Aim of the task: Which lines come from the start of the listing through the line holding "nutrichef portable hot"? Restate exactly those, both included, minus the pictures.

Recorded data:
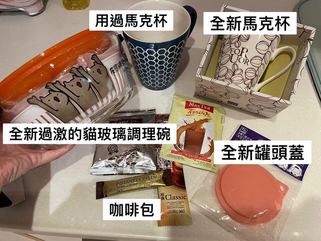 物品項目:咖啡包 貓咪罐頭蓋子 馬克杯 半身鏡 玻璃條理碗 耳環
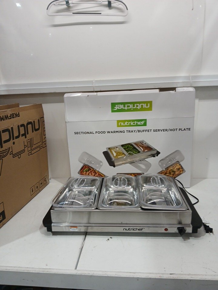 nutrichef portable hot buffet food warmer - 3.5q - silver (model:PKBFWM33.0)
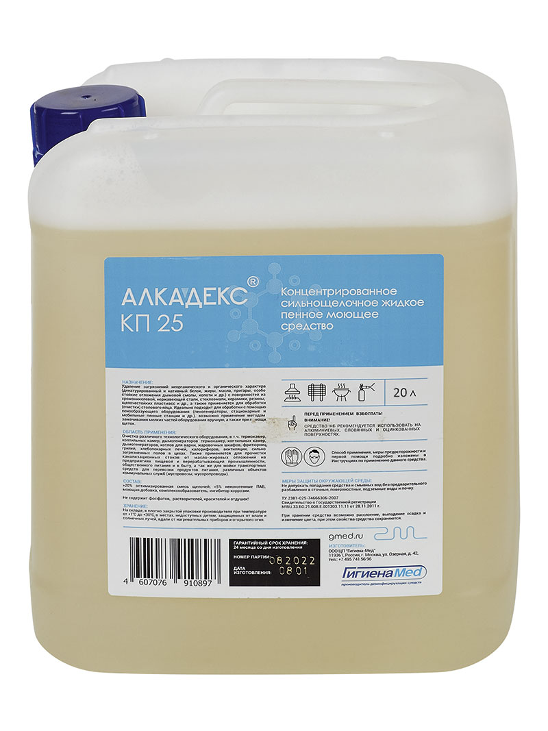 «Алкадекс КП 25» представляет собой концентрированное жидкое сильнощелочное пенное моющее средство. Содержит оптимальное соотношение щелочных, комплексообразующих, антикоррозионных и диспергирующих веществ, а также специальных пенных ПАВ, что позволяет быстро удалять загрязнения неорганического и органического характера (денатурированный и нативный белок, жиры, масла, пригары, особо стойкие отложения дымовой смолы, копоти и др.) с поверхностей из хромоникелевой, нержавеющей стали, стеклоэмали, керамики, резины, щелочестойких пластмасс и др., а также применяется для обработки (очистки) столового яйца. Идеально подходит для обработки с помощью пенообразующего оборудования ( пеногенераторы, стационарные и мобильные пенные станции и др.). возможно применение методом замачивания мелких частей оборудования вручную, а также при помощи щеток.

Answer:
 物品項目:咖啡包 貓咪罐頭蓋子 馬克杯 半身鏡 玻璃條理碗 耳環
 nutrichef portable hot buffet food warmer - 3.5q - silver (model:PKBFWM33.0)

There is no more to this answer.